In the years 2006 to 2011, she was also the leader of the research project "Writing competences and new media" (funded by the Swiss National Science Foundation). From 2011 to 2018, she led the research project "Regional Variation in the Grammar of Standard German", (funded by SNSF, DFG and FWF) together with colleagues from Austria and Germany. The results of this project have been published in the "Variantengrammatik" which is accessible in Open Access format to scholars and the interested public. In addition, Dürscheid was one of the program leaders of the Sinergia project "SMS communication in Switzerland: Facets of linguistic variation in a multilingual country", (funded by the SNSF) and together with Federica Diémoz, headed the subproject "Language Design in WhatsApp: Icono/Graphy", that belongs to the Sinergia project "What's up, Switzerland?". Since 2021, she has been leading the project "Mourning practices on the Internet" as part of the University Research Priority Program (URPP) "Digital Religion(s)" at the University of Zurich. In 2022, she took over the co-leadership of the trinational research project "Variational Pragmatics of German: Comparing Communicative Patterns" (funded by SNSF, DFG and FWF).

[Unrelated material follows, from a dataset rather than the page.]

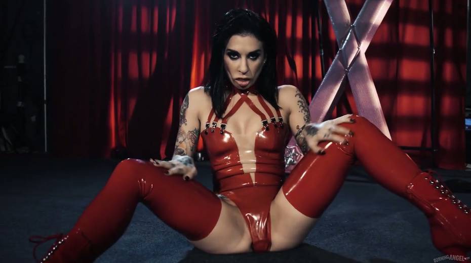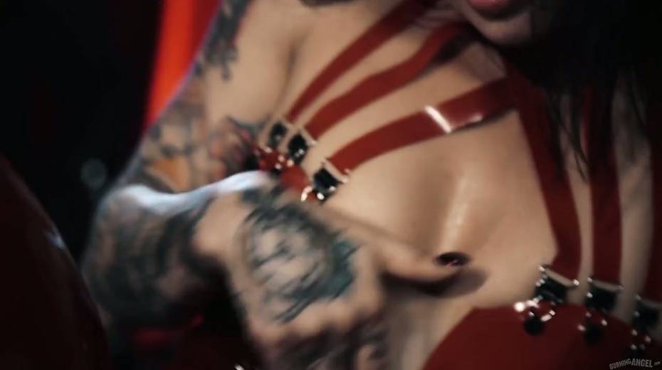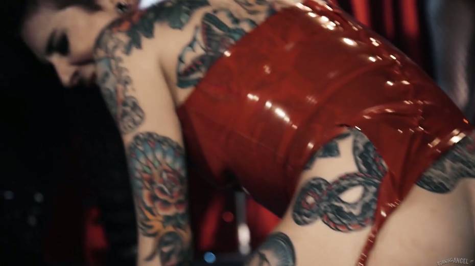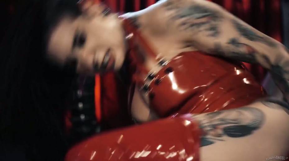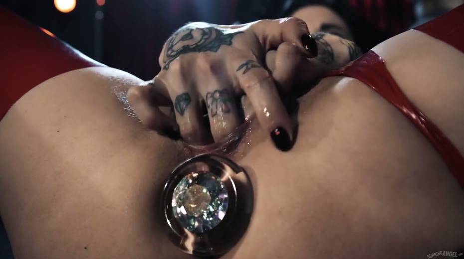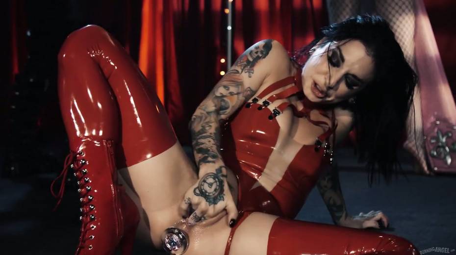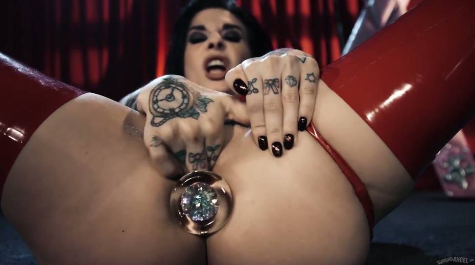 Latex tattooed whore Joanna Angel shows the abilities of her anal hole

She posted a daily tweet on Twitter (now X) (VariantenGrammatik).

== Honors and awards ==
In 2020 Dürscheid was granted the Konrad Duden Award. In 2022, she was also elected to the German Academy for Language and Literature.

==Selected publications==

=== About language use in the New Media ===
- with Elisabeth Stark: SMS4science: An international corpus-based texting project and the specific challenges for multilingual Switzerland. In: Thurlow, Crispin/Mroczek, Kristine (Eds.): Digital Discourse. Language in the New Media. Oxford University Press, Oxford (= Oxford Studies in Sociolinguistics), 299–320. 2011.
- with Andreas H. Jucker: The Linguistics of Keyboard-to-screen Communication. A New Terminological Framework. Linguistik online 56, 6/2012
- with Carmen Frehner: Email communication. In: Herring, Susan C./Stein, Dieter/Virtanen, Tuija (Eds.): Pragmatics of Computer-Mediated Communication. Mouton de Gruyter, Berlin/New York (= Handbook of Pragmatics 9), 35–54. 2013.
- with Karina Frick: Schreiben digital. Wie das Internet unsere Alltagskommunikation verändert. Kröner, Stuttgart (= Einsichten 3) 2016.

=== Others ===
- Die verbalen Kasus des Deutschen: Untersuchungen zur Syntax, Semantik und Perspektive. De Gruyter, Berlin 1999.
- with Franc Wagner and Sarah Brommer: Wie Jugendliche schreiben. Schreibkompetenz und neue Medien. De Gruyter, Berlin 2010.
- Syntax: Grundlagen und Theorien. Westdeutscher Verlag, Wiesbaden 2000; 6th edition: Vandenhoeck & Ruprecht, Göttingen 2012.
- Einführung in die Schriftlinguistik. Westdeutscher Verlag, Wiesbaden 2002; 5th edition: Vandenhoeck & Ruprecht, Göttingen 2016.
- with Jan Georg Schneider: Standardsprache und Variation. Narr, Tübingen 2019.
- with Stephan Elspaß and Arne Ziegler: Variantengrammatik des Standarddeutschen. Ein Online-Nachschlagewerk. Verfasst von einem Autorenteam unter der Leitung von Christa Dürscheid, Stephan Elspaß und Arne Ziegler. Open access.
- with Dimitrios Meletis: Writing Systems and Their Use. An Overview of Grapholinguistics. Mouton de Gruyter, Berlin/Boston 2022. Open access.
- Dürscheid, Christa (2023): Deutsch im Fokus. Sprachdidaktik, Internetkommunikation, Grammatik. Ausgewählte Schriften. Berlin: Frank & Timme (= Sprachwissenschaft 59).